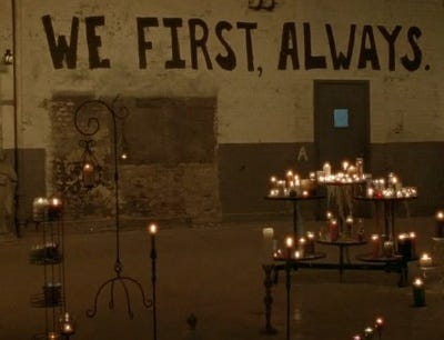 The victims naturally regard the Terminants as evil. Almost everyone who sees the show does the same: Yes, the Terminants are scared and hungry, but that doesn’t justify murder. The Terminants, however, are self-righteous. They even have an elaborate shrine (pictured above) that honors the dead members of their community and proudly displays their catechism. They’re self-conscious citizenists: “We first, always.” Therefore, cannibalism.
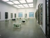 Science and our unquestioning faith in the power of pharmaceuticals remains one of Hirst’s most enduring themes. These ideas are investigated in the installation Pharmacy (1992) as well as in the ‘Medicine Cabinets’ and ‘Instrument Cabinets’ which display a cornucopia of reflective, precision-tooled surgical implements within steel and glass cases. Other sculptures are more celebratory in tone such as Hymn (1999-2001), a polychrome bronze sculpture which reveals the musculature and internal organs of the human body as they are presented in toy-like anatomical models enlarged to a monumental scale.
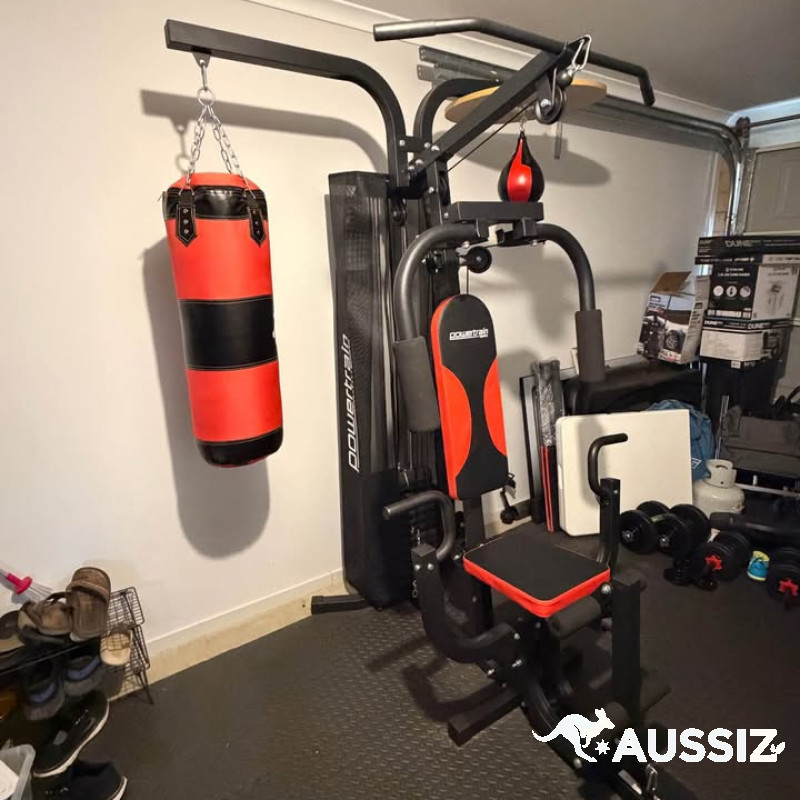 Bunnings Powertrain Home Gym Multi Station and Boxing Bag Speed Ball and Boxing Gloves
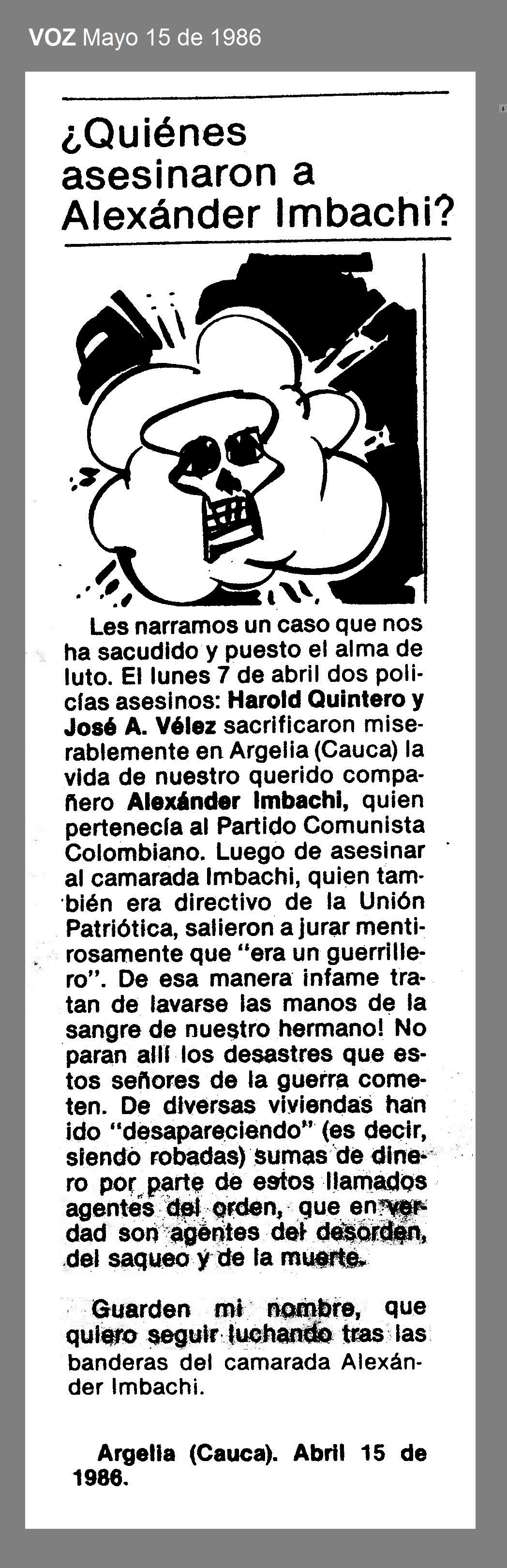 Alejandro Imbachi Alejandro Imbachi Fuente: Edad: Sin información Género: M Profesión: 1. Campesino Afiliación política: 1. UP Unión Patriótica Fecha: 1986-04-07 Tipo Victima: Asesinato Departamento: Cauca Municipio: Argelia Vereda: Los Mangos Lugar: Presuntos responsables: 1. Policía Nacional Hechos El 7 de abril de 1986 en Argelia, Cauca, miembros de la Policía asesinaron a ALEJANDRO IMBACHI, campesino militante de la Unión Patriótica, en la vereda Los Mangos. Fuentes: 1. ROBERTO ROMERO OSPINA Unión Patriótica: Expedientes contra el olvido Enlaces 1. CONTRAVÍA: In memoriam - Exterminio de la Unión Patriótica (Parte I) - 2. CONTRAVÍA: In memoriam - Exterminio de la Unión Patriótica (Parte II) - 3. CONTRAVÍA: In memoriam - Exterminio de la Unión Patriótica (Parte III) - 4. SEMANA.COM Documental: El exterminio de la Unión Patriótica - Información Relacionada 1. VOZ - QUIENES ASESINARON A ALEXANDER IMBACHI.JPG 2. CINEP PPP - 23 AÑOS DE FALSOS POSITIVOS 1988-2011.pdf 3. EL GENOCIDIO DE LA UNIÓN PATRIÓTICA.pdf To top
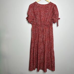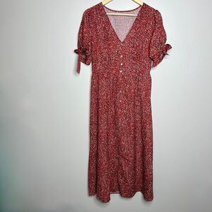 Features: polka dots, short sleeves, tie sleeves, buttons down the front, maxi ankle length, v-neck, smocked stretchy waist

Directions: In the records above, find the line with "Alejandro Imbachi Alejandro" and copy from it through the last line exactly, without the pictures.

Answer section:
 Alejandro Imbachi Alejandro Imbachi Fuente: Edad: Sin información Género: M Profesión: 1. Campesino Afiliación política: 1. UP Unión Patriótica Fecha: 1986-04-07 Tipo Victima: Asesinato Departamento: Cauca Municipio: Argelia Vereda: Los Mangos Lugar: Presuntos responsables: 1. Policía Nacional Hechos El 7 de abril de 1986 en Argelia, Cauca, miembros de la Policía asesinaron a ALEJANDRO IMBACHI, campesino militante de la Unión Patriótica, en la vereda Los Mangos. Fuentes: 1. ROBERTO ROMERO OSPINA Unión Patriótica: Expedientes contra el olvido Enlaces 1. CONTRAVÍA: In memoriam - Exterminio de la Unión Patriótica (Parte I) - 2. CONTRAVÍA: In memoriam - Exterminio de la Unión Patriótica (Parte II) - 3. CONTRAVÍA: In memoriam - Exterminio de la Unión Patriótica (Parte III) - 4. SEMANA.COM Documental: El exterminio de la Unión Patriótica - Información Relacionada 1. VOZ - QUIENES ASESINARON A ALEXANDER IMBACHI.JPG 2. CINEP PPP - 23 AÑOS DE FALSOS POSITIVOS 1988-2011.pdf 3. EL GENOCIDIO DE LA UNIÓN PATRIÓTICA.pdf To top
 Features: polka dots, short sleeves, tie sleeves, buttons down the front, maxi ankle length, v-neck, smocked stretchy waist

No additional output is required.